One of these must also have seen us, for there was a sudden agitation aboard, with heads popping up above the rail and more yelling. The ship was blue, with a broad black band painted all around it. There was a line of gunports set in this band, and as I watched, the forward one opened, and the round black eye of the gun peeked out.

“Jamie!” I shrieked, as loudly as I could. He looked up from the rocks at his feet, saw where I was pointing, and hurled himself flat in the rubble as the gun went off.

The report wasn’t terribly loud, but there was a sort of whistling noise past my head that made me duck instinctively. Several of the rocks around me exploded in puffs of flying rock chips, and it occurred to me, rather belatedly, that the horses and I were a great deal more visible there at the top of the headland than Jamie was on the cliff below.
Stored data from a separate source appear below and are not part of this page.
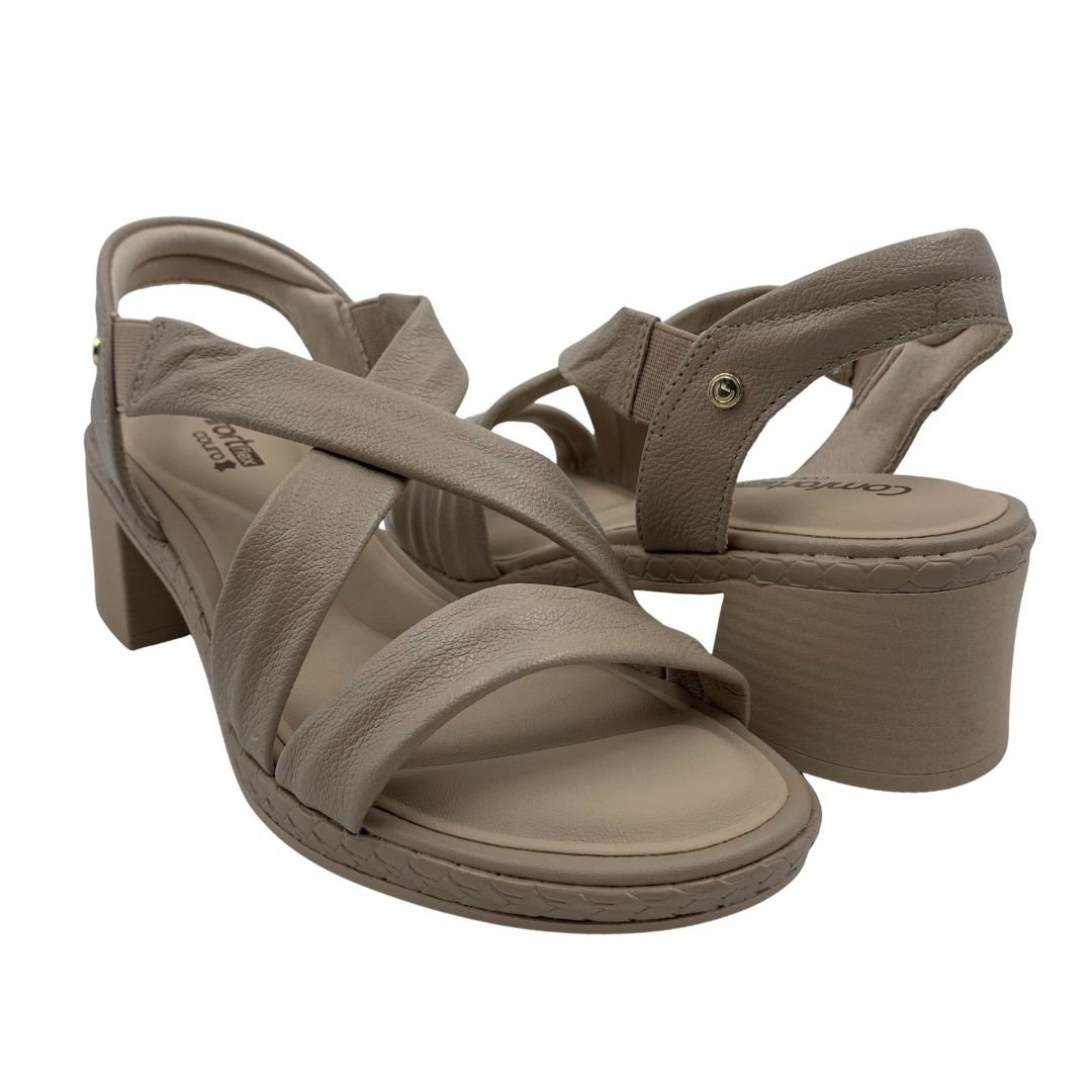 Nome: Sandália Casual Couro Comfortflex Salto Bloco Bege 2567403
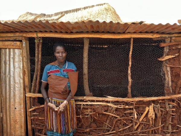 Loema in front of chicken coop
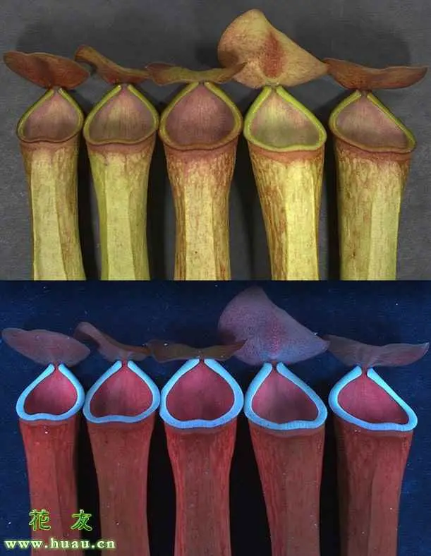 一些猪笼草的上位瓶瓶口会反射紫外线,成为吸引飞行昆虫的标志。
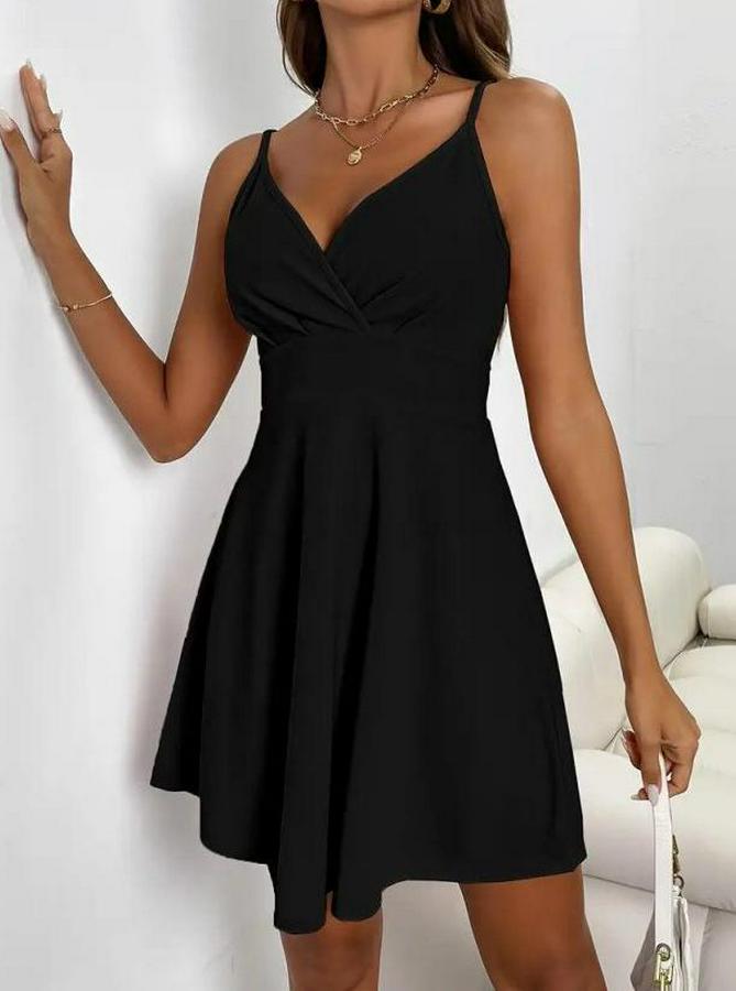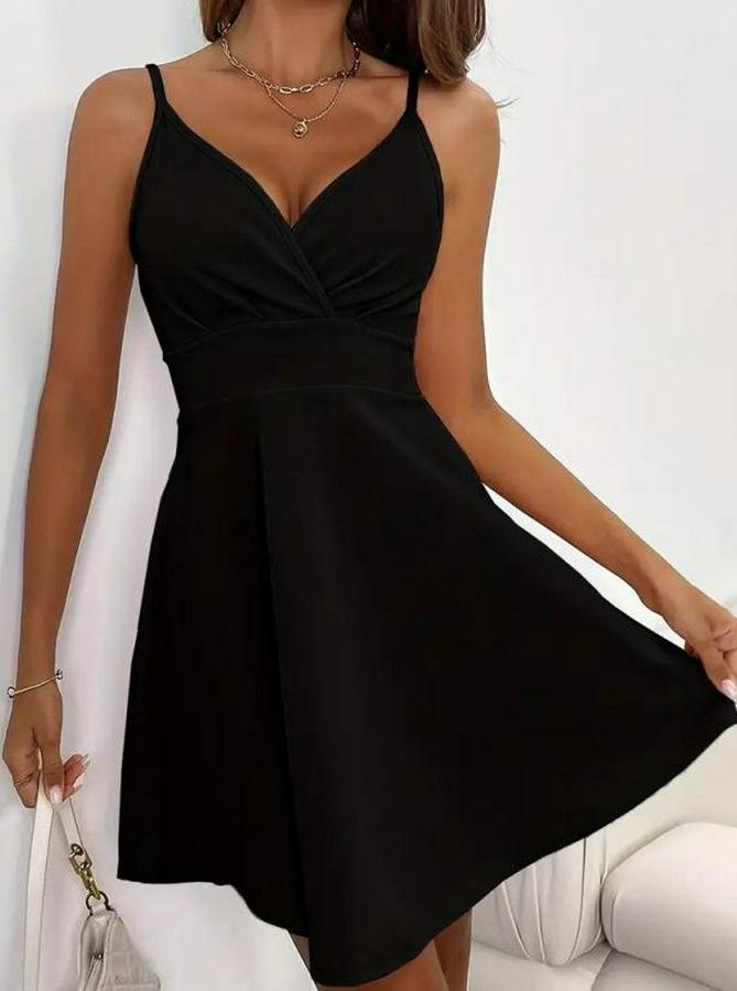 Kadın Ip Askılı Kruvaze Yakalı Kısa ıthal Krep Elbise

The horses, having grasped this essential fact long before I did, were on their way back to where we had left their hobbled fellow well before the dust had settled. I flung myself bodily over the edge of the headland, slid several feet in a shower of gravel, and wedged myself into a deep crevice in the cliff.

There was another explosion somewhere above my head, and I pressed myself even closer into the rock. Evidently the people on board the ship were satisfied with the effect of their last shot, for relative silence now descended.

My heart was hammering against my ribs, and the air around my face was full of a fine gray dust that gave me an irresistible urge to cough. I risked a look over my shoulder, and was in time to see the longboat being hoisted aboard ship. Of Ian and his two captors, there was no sign.

The gunport closed silently as I watched, and the rope that held the anchor slithered up, streaming water. The ship turned slowly, seeking wind. The air was light and the sails barely puffed, but even that was enough. Slowly, then faster, she was moving toward the open sea. By the time Jamie had reached my roosting place, the ship had all but vanished in the thick cloudbank that obscured the horizon.

“Jesus” was all he said when he reached me, but he clutched me hard for a moment. “Jesus.”

He let go then, and turned to look out over the sea. Nothing moved save a few tendrils of slow-floating mist. The whole world seemed stricken with silence; even the occasional cries of the murres and shearwaters had been cut off by the cannon’s boom.

The gray rock near my foot showed a fresh patch of lighter gray, where shot had struck off a wide flake of stone. It was no more than three feet above the crevice where I had taken refuge.